Starting at the line that contains "随后,副院长万方义为镇海中学" and stopping at the line that contains "Tämä elegantti Talonpoikaisrokokoo-nurkkakaappi", restate each line of the records below exactly. Omit the pictures.

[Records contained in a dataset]
# # #
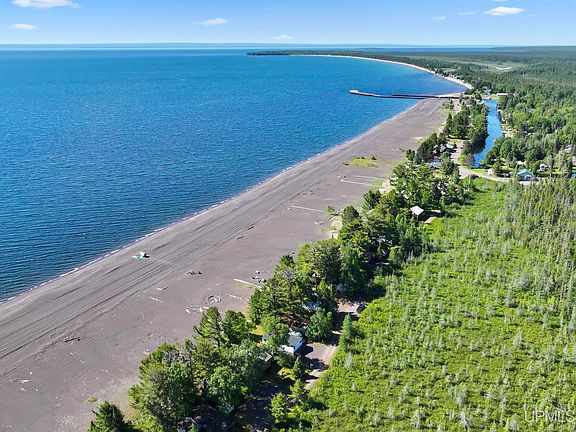 This is a great Lake Superior getaway with a charming vintage feel from around 1950. The overall condition is excellent. This three-season cabin features electric heat and a cozy wood-fired fireplace, ensuring comfort during cooler evenings. The cabin is situated on a private road, offering quiet lakeside relaxation. It has a modern, permitted well and septic system, and a brand new roof installed in June of 2024. Only one mile away from the public boat launch into Big Traverse River, with direct access to Lake Superior, the property is close to Buffalo Reef, a prominent spawning ground in Lake Superior, making it an excellent spot for big lake fishing. It is conveniently located just 11 miles from town and 1.5 miles from ATV/snowmobile trails, making it an excellent location for the outdoor-minded. Mt. Bohemia is only 28 miles away. The property is offered fully furnished and equipped, including all personal property except for a truck and camper. Shed on property is included. One of the bedrooms is a walk-through. The property has little erosion risk due to its wide beach and is subject to state of Michigan claims on accredited stamp sands. Spectacular views of the Huron Mountains. Lake Superior cabins in this price range are a rare opportunity, making this quiet, lakeside retreat a great find!
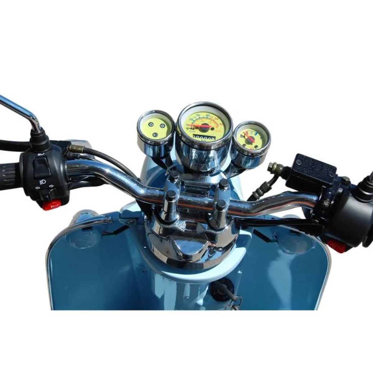 - Style rétro et élégant : Le design rétro et la couleur bleu pastel confèrent au scooter une allure vintage et élégante. Ajoutant une touche de style à vos déplacements urbains.
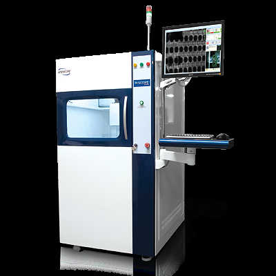 目前使用較多的X射線(xiàn)檢測(cè)儀有兩種,一種是直射式X光檢測(cè)儀,一種是3D-X光分 層掃描檢測(cè)儀。前者價(jià)格低,但只能提供二維圖像信息,對(duì)于遮蔽部分難以進(jìn)行分析,而后 者可以檢測(cè)出焊點(diǎn)的內(nèi)在缺陷、BGA等面陣列器件隱藏焊點(diǎn)缺陷以及元器件本身相關(guān)內(nèi)在缺陷。
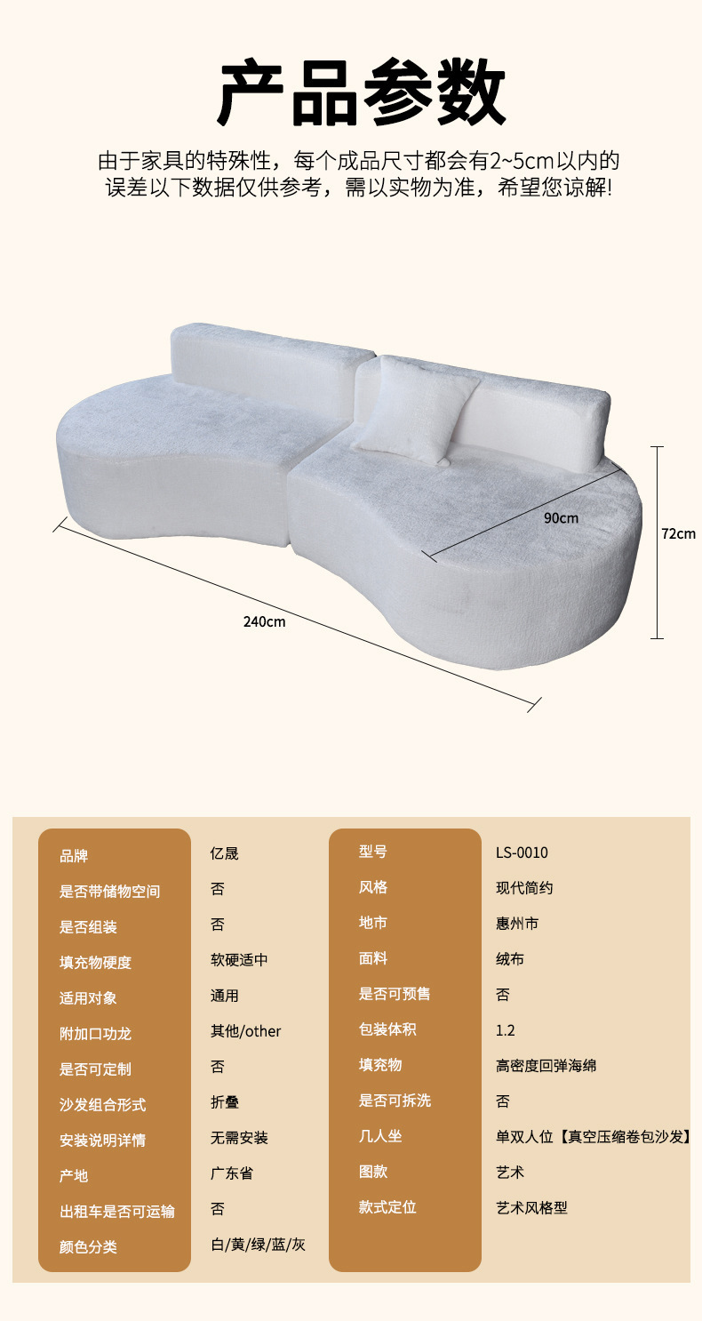 针对跨境运输需求,沙发采用真空卷包压缩工艺,压缩后体积大幅缩减,不仅降低物流成本,还方便搬运入户,哪怕是狭窄楼道或小户型也能轻松通过。拆封后解除真空包装,静置数小时即可恢复蓬松形态,无需专业安装,省时又省心。无论是打造奶油风客厅的核心家具,还是为居家空间增添舒适休闲区,这款沙发都能兼顾颜值、舒适与实用性。
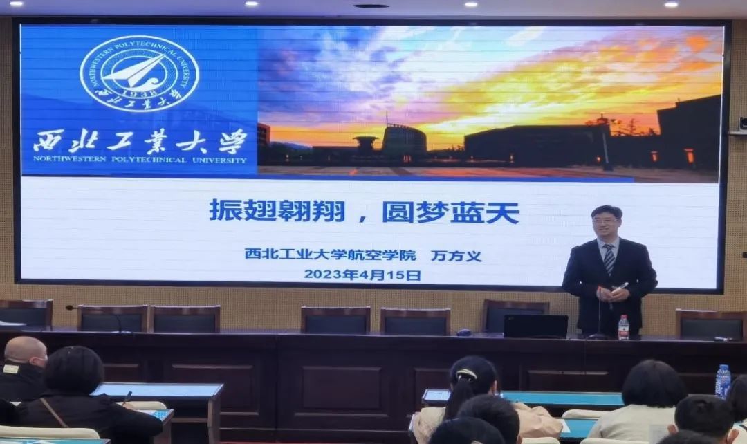 随后,副院长万方义为镇海中学200多名学生与家长做了《振翅翱翔,圆梦蓝天》的科普讲座。万方义从什么是飞机、飞机为什么会飞、航空科技发展、中国的大飞机历程、飞机设计师的摇篮-西工大等方面阐述了西工大在中国航天史上的重要作用,学生和家长认真聆听,现场氛围活跃、掌声不断。
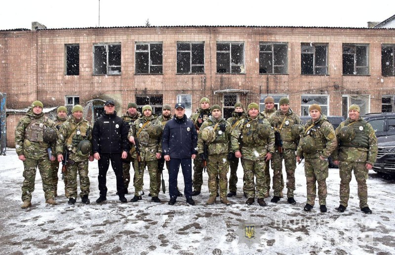 Сьогодні, 17 грудня, під час робочого візиту на Донеччину Голова Нацполіції відвідав поліцейських у місцях дислокації в прифронтовій Мар’їнці. У складі Об’єднаних сил вони виконують завдання з охорони публічного порядку та стримування збройної агресії РФ.
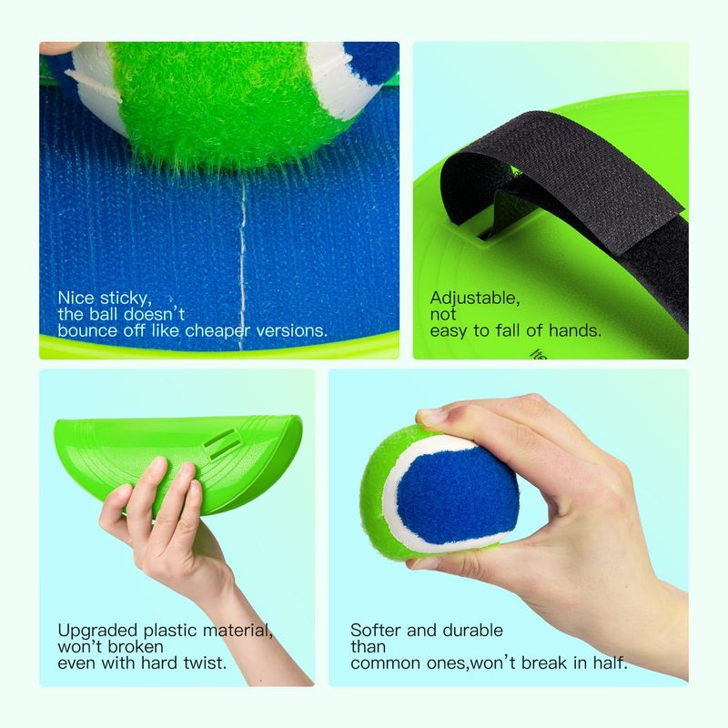 Mantiene a los niños activos, promueve la interacción: el juego de pelota puede ejercitar la coordinación ojo-mano y los músculos del brazo, es importante siempre mantener a los niños activos y felices. Mediante el uso de la estructura de tela adhesiva de nailon de alta calidad, las raquetas son increíblemente pegajosas, los niños pueden atrapar la pelota muy fácilmente, por lo cuál no sentirán frustración. El juego de lanzamiento necesita al menos 2 jugadores, gracias a eso, es una buena manera de promover la interacción entre amigos y miembros de la familia.
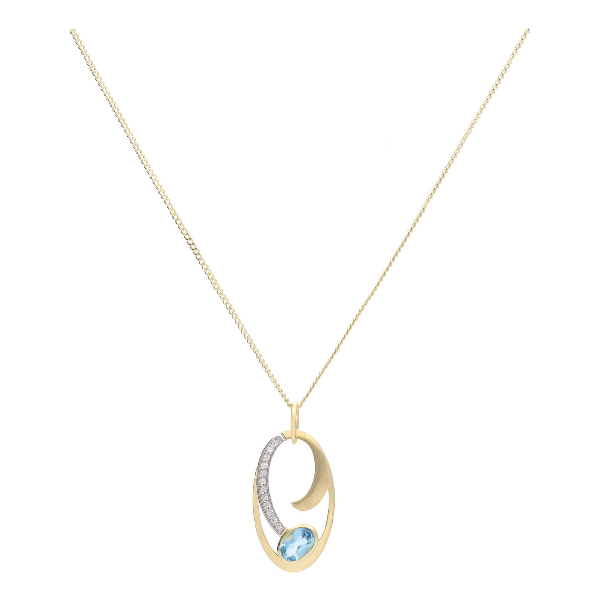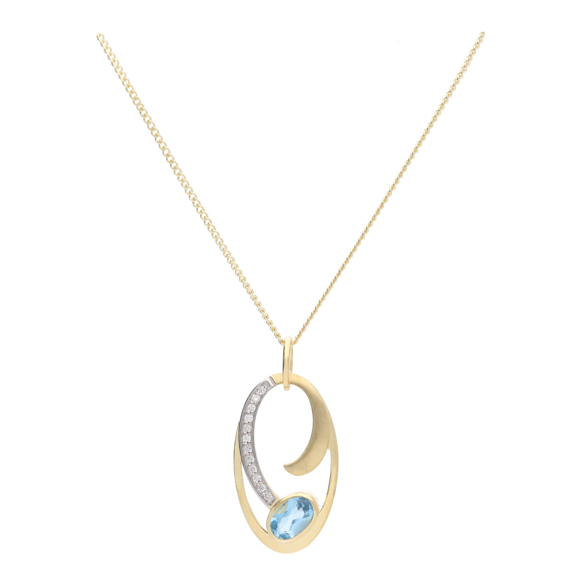 Blue Topaz and Diamond 9ct Yellow Gold Necklace
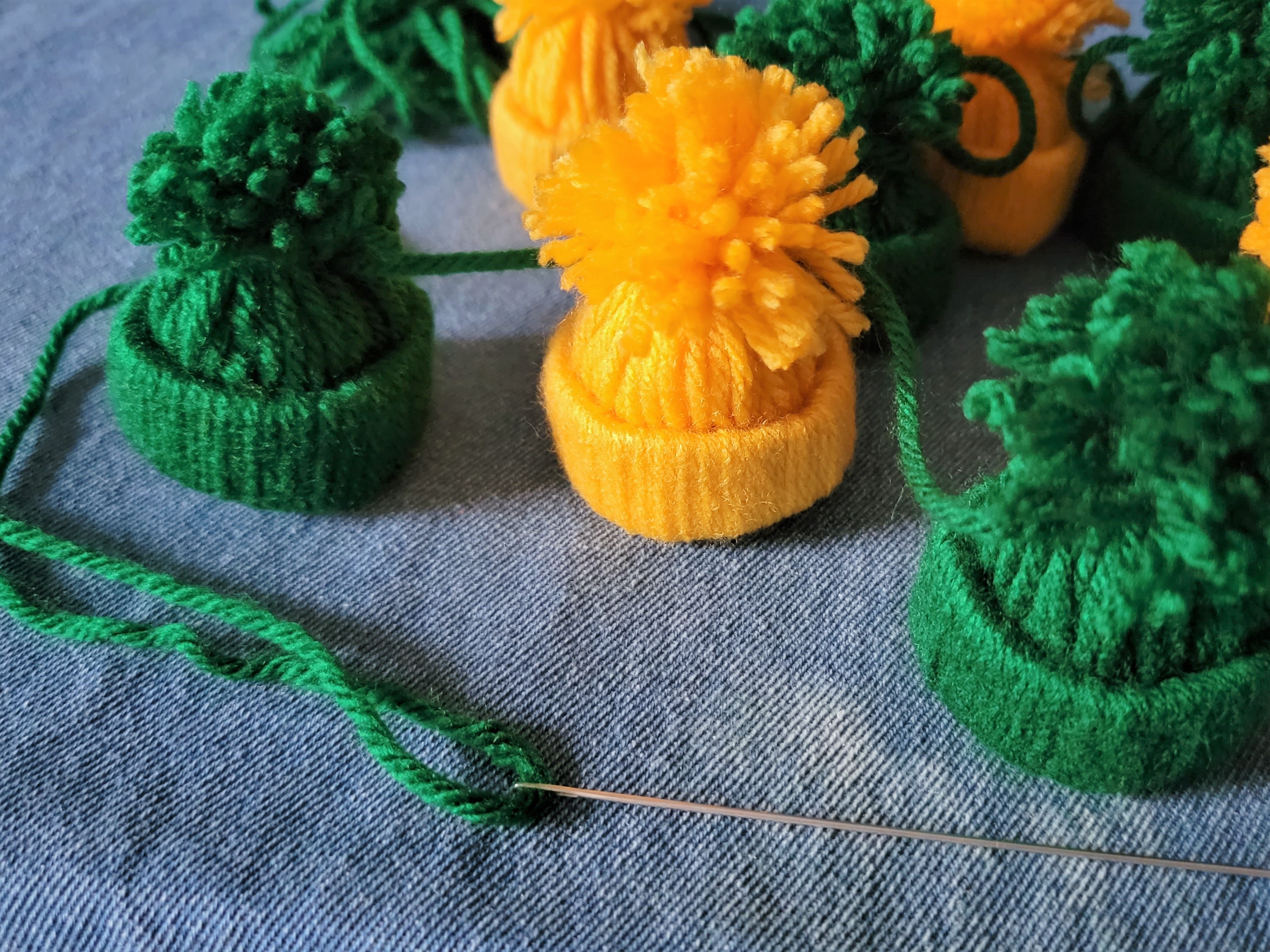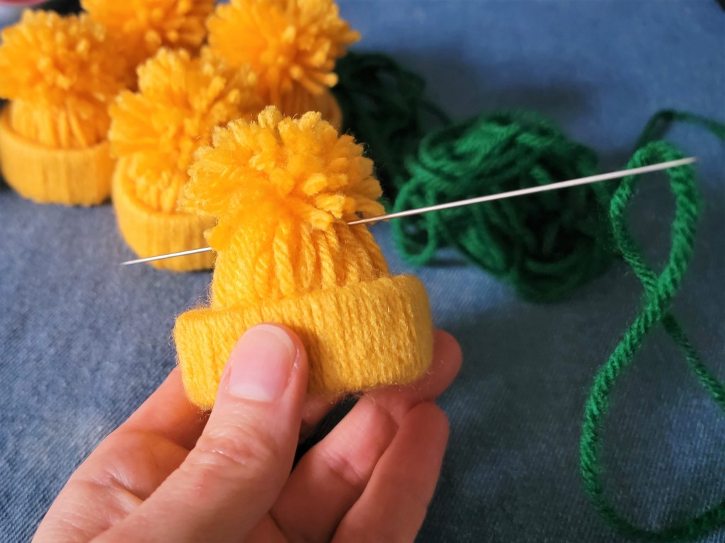 String up your hats on this long piece of yarn. I used a needle that had an opening big enough for my yarn, but if you don’t have one, you could tie your yarn to a small safety pin, or just carefully use your fingers to push the yarn through each finished hat.
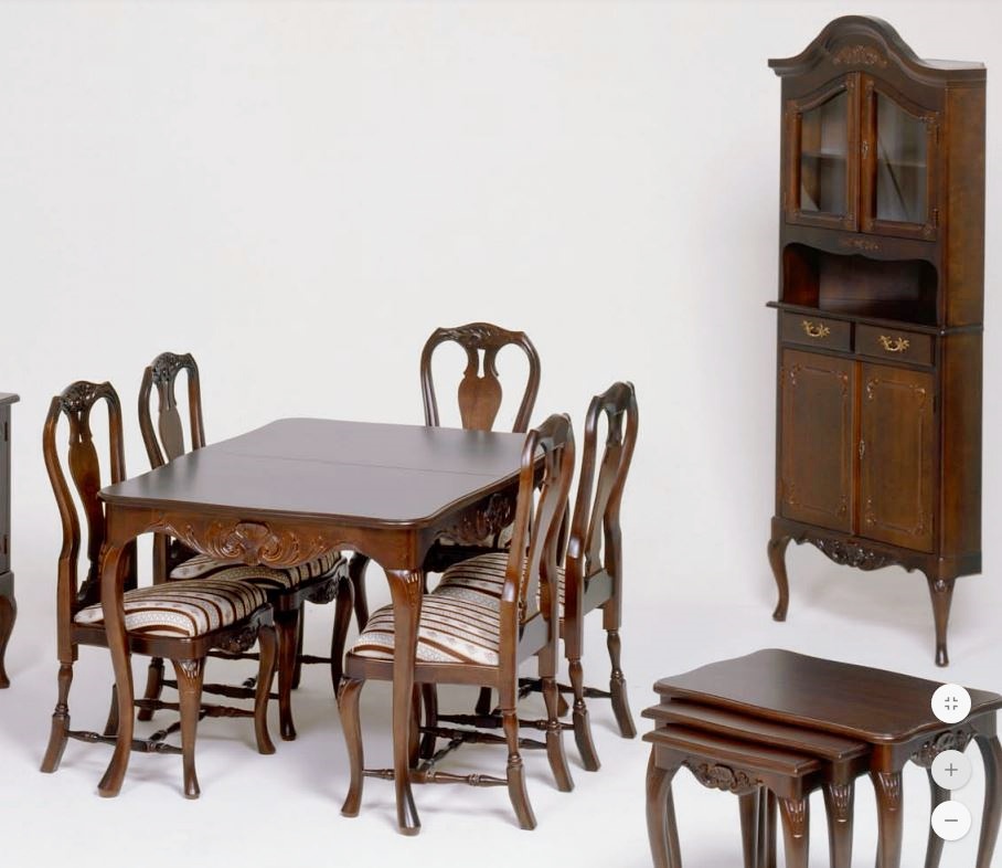 Tämä elegantti Talonpoikaisrokokoo-nurkkakaappi tuo kotiin sekä käytännöllisyyttä että klassista kauneutta. Alaosassa on kaappi, sen päällä kaksi laatikkoa ja avohylly, ja kokonaisuuden kruunaa vitriini kahdella hyllyllä – täydellinen yhdistelmä säilytystä ja esillepanoa.
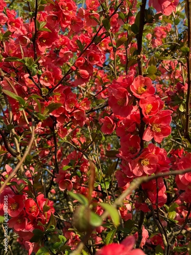 Zierquitte Chaenomeles Prunus Pfirsichbaum Rosales Rosaceae Rose Pyrinae Flowering quince Chaenomeles peach tree apple fruit pink red bush spring spines, foliage, Japan, China, Germany, ornamental
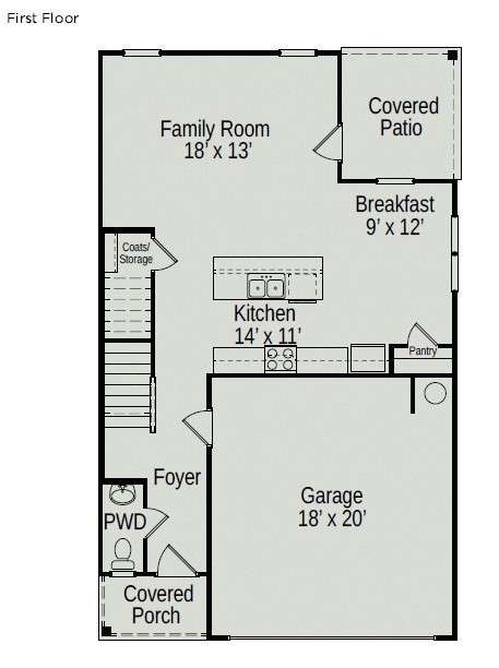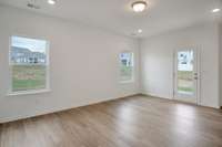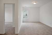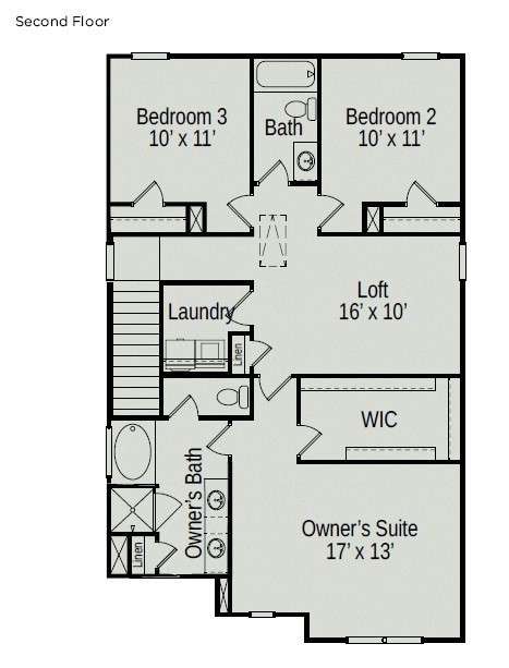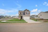 The Braselton II has a arear corner covered patio, directly accessible from the light- filled family room. A large eat- in island kitchen overlooks the family room for easy entertaining. On the second floor, a spacious loft can be optioned to a fourth bedroom and separates the private owner’s suite from two secondary bedrooms. The owner’s suite includes a massive walk- in closet, and private bath, and has easy access to the second- floor laundry room.
# # #
Exercise result
 随后,副院长万方义为镇海中学200多名学生与家长做了《振翅翱翔,圆梦蓝天》的科普讲座。万方义从什么是飞机、飞机为什么会飞、航空科技发展、中国的大飞机历程、飞机设计师的摇篮-西工大等方面阐述了西工大在中国航天史上的重要作用,学生和家长认真聆听,现场氛围活跃、掌声不断。
 Сьогодні, 17 грудня, під час робочого візиту на Донеччину Голова Нацполіції відвідав поліцейських у місцях дислокації в прифронтовій Мар’їнці. У складі Об’єднаних сил вони виконують завдання з охорони публічного порядку та стримування збройної агресії РФ.
 Mantiene a los niños activos, promueve la interacción: el juego de pelota puede ejercitar la coordinación ojo-mano y los músculos del brazo, es importante siempre mantener a los niños activos y felices. Mediante el uso de la estructura de tela adhesiva de nailon de alta calidad, las raquetas son increíblemente pegajosas, los niños pueden atrapar la pelota muy fácilmente, por lo cuál no sentirán frustración. El juego de lanzamiento necesita al menos 2 jugadores, gracias a eso, es una buena manera de promover la interacción entre amigos y miembros de la familia.
 Blue Topaz and Diamond 9ct Yellow Gold Necklace
 String up your hats on this long piece of yarn. I used a needle that had an opening big enough for my yarn, but if you don’t have one, you could tie your yarn to a small safety pin, or just carefully use your fingers to push the yarn through each finished hat.
 Tämä elegantti Talonpoikaisrokokoo-nurkkakaappi tuo kotiin sekä käytännöllisyyttä että klassista kauneutta. Alaosassa on kaappi, sen päällä kaksi laatikkoa ja avohylly, ja kokonaisuuden kruunaa vitriini kahdella hyllyllä – täydellinen yhdistelmä säilytystä ja esillepanoa.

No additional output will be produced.